Thinking about Tom

A prophetic voice

Hayden with papers

Hayden pulls some notes on Vietnam. (Image: Roger Hart, Michigan Photography.)

Always at the edge of the possible and the visionary. Ever able to formulate our best hopes and fears into language that elevated and instructed. Baseball fan. Wanting to recast the radical tradition into American idiom and take it out of the hands of sectarians. Willing to be, as our friend Jack Newfield put it, in a prophetic minority but always looking for the route to majoritarian progress.

It was Tom who found the “phrase participatory democracy” in another of our friend’s work, Professor Arnie Kaufman, and made it an anthem. If Carl Oglesby was the one who took the English language and in his eloquence fueled the anti-war movement, it was Tom and others of our cohort who strategized that movement and led it to a kind of victory in the ‘70s.

When Tom came to Ann Arbor after the summer of 1961, impressed with Berkeley’s SLATE political party, he and Ken McEldowney and Andy Hawley initiated the VOICE political party. Then, Sharon Jeffrey and I led VOICE into SDS and won seats on the student government. VOICE became SDS’ largest chapter with broadest campus support. It was Tom who had the vision of student political parties as a democratic vehicle for progressive agitation.

Making a statement

When Tom was drafting the Port Huron Statement, Al Haber and I were nominally on the drafting committee with him. He would send us ideas and pieces and reports of what he was reading. We were pretty much the cheering section. When we worked on it at Port Huron’s AFL-CIO camp it was Tom who devised the means of having a democratic discussion of a very large document; the division of it into debatable bones for which a larger drafting committee would finalize the mandated flesh.

Hayden beating

White supremacists pull Hayden from a stopped car and beat him in McComb, Miss., 1961. (Image courtesy of the Tom Hayden Papers held at the University of Michigan Library.)

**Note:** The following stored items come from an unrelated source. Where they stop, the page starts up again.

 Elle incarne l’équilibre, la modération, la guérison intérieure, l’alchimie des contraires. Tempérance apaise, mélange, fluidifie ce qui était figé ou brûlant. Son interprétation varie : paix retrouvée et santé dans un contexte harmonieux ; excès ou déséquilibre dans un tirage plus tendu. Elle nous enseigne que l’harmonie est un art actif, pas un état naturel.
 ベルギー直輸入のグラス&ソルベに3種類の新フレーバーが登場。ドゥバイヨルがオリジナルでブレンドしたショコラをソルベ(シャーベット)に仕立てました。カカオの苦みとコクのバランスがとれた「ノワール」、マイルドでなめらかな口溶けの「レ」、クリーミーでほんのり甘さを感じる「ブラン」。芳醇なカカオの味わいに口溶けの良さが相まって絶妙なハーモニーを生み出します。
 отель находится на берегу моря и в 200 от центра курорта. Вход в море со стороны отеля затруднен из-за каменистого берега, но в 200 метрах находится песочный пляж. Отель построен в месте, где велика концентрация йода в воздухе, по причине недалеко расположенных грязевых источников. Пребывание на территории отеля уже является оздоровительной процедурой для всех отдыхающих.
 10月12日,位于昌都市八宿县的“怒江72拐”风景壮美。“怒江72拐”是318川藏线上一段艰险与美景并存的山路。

In retrospect, amidst all the serious work (and, as the Vietnam War wore on, increasingly grim work), there were some moments of hilarity. On the night of the big anti-war demonstrations during the 1968 Chicago Democratic National Convention, Tom was concerned that members of the Chicago Police Department would try to kill him. As the rally in Grant Park ended and demonstrators began the technically forbidden march through downtown, Tom and I got into the car of a journalist and with his press pass as a passport, got through the police lines and out of the park. Back on the South Side at my apartment, Tom used theatrical glue to apply a false beard; then he put on the hat I used for fishing as a way to disguise himself. We returned in our magic carpet press car to Michigan Avenue to take up the march. As I recall it in my mind’s eye, in his disguise he looked just like Tom Hayden in a silly get-up.

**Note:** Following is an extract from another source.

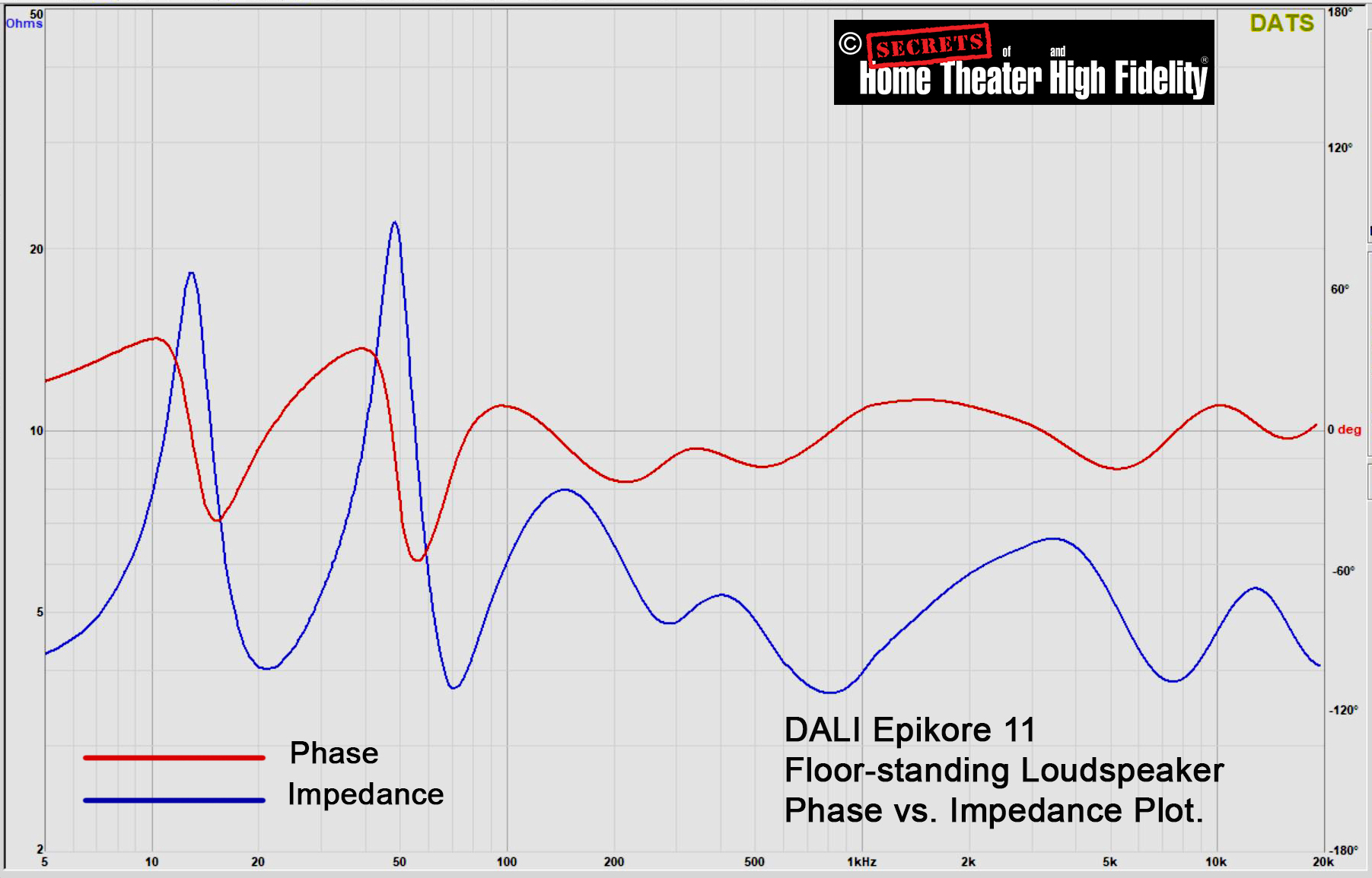 Here we have the Impedance sweep for the DALI Epikore 11. The results show that the speaker remains below 5 Ohms from 18 Hz to 29 Hz, from 60 Hz to 90 Hz, from 250 Hz to 1500 Hz, from 5.2 kHz to 11 kHz, and from 16 kHz to 20 kHz. There are peaks as high as 17 ohms at 14 Hz and 23 Ohms at 48 Hz, respectively. The speaker hits an impedance low of 3.7 Ohms at 70 Hz and 800 Hz. The DALI Epikore 11 specifications rate its nominal impedance as 4 ohms, which is quite accurate.

Thinking about our current situation I am reminded that when Tom ran for Senate in California, he created an organization called the Campaign for Economic Democracy and used that idea to signify egalitarian policies that would still be relevant. And in his last few years his newsletter kept referring to The Long War – a term he used for the whole disastrous Middle Eastern theatre.

A the beginning of our era and until the end of his life, Tom had a prophetic voice. That voice, needed now so very much, will be sorely missed.

— Robert J.S. “Bob” Ross, LSA ’63

Ross is a research professor of sociology at Clark University (Worcester, Mass.) and its Mosakowski Institute for Public Enterprise. He is the author of the book Slaves to Fashion: Poverty and Abuse in the New Sweatshops (2004).